▶ [WHAT YOU ARE ASKED TO DO]: Leave the images aside and copy out the whole listing, exact to the word.

▶ [DATA]:
►

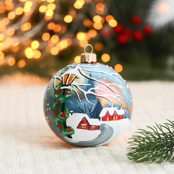 Ёлочный шар «Фонарь», 10 см, стекло, голубой с рисунком — это тёплый и атмосферный акцент для новогоднего декора. Украшение с образом светящегося фонаря подходит для ёлки, витрины или подарочной композиции — душевное решение для тех, кто ценит ностальгию, уют и атмосферу настоящей зимней сказки без излишеств.
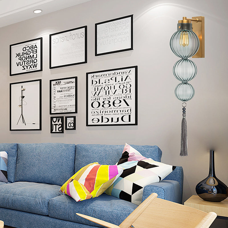 Applique murale en laiton/chrome de style chinois - Lampe murale en verre transparent/ambre/bleu clair avec nœud à pompon
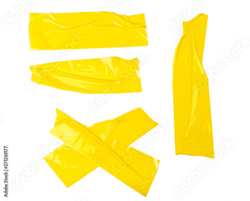 Set of yellow tapes on white background
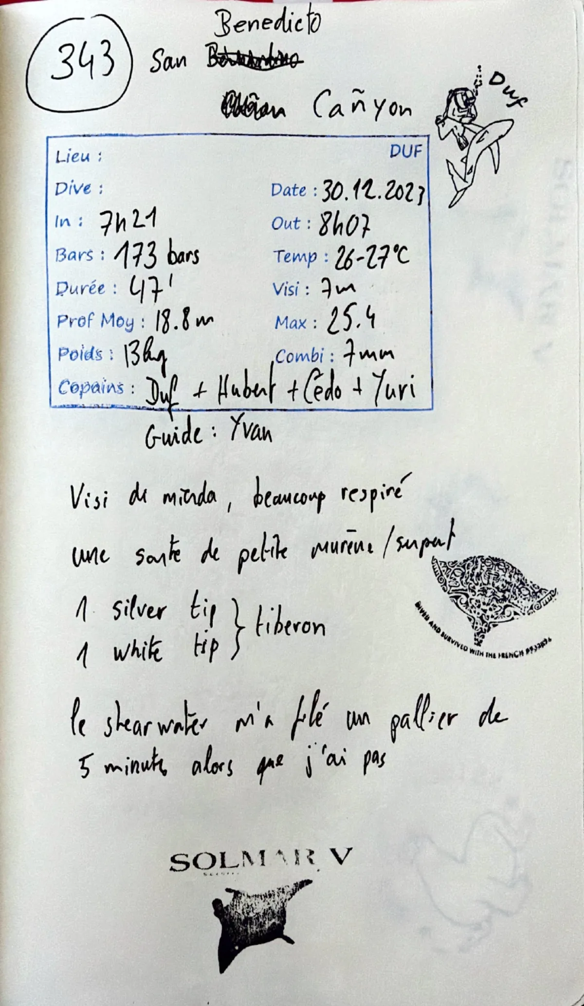 Combi 7mm. Out 08:07. Visi 7m. Prof moy 18.8m. Visi de mierda, beaucoup respire. Une sorte de petite murene/serpent. 1 silver tip, 1 white tip. Le shearwater m'a file un pallier de 5 minutes alors que j'ai pas depasse

◄

▶ [TASK RESULT]:
 Ёлочный шар «Фонарь», 10 см, стекло, голубой с рисунком — это тёплый и атмосферный акцент для новогоднего декора. Украшение с образом светящегося фонаря подходит для ёлки, витрины или подарочной композиции — душевное решение для тех, кто ценит ностальгию, уют и атмосферу настоящей зимней сказки без излишеств.
 Applique murale en laiton/chrome de style chinois - Lampe murale en verre transparent/ambre/bleu clair avec nœud à pompon
 Set of yellow tapes on white background
 Combi 7mm. Out 08:07. Visi 7m. Prof moy 18.8m. Visi de mierda, beaucoup respire. Une sorte de petite murene/serpent. 1 silver tip, 1 white tip. Le shearwater m'a file un pallier de 5 minutes alors que j'ai pas depasse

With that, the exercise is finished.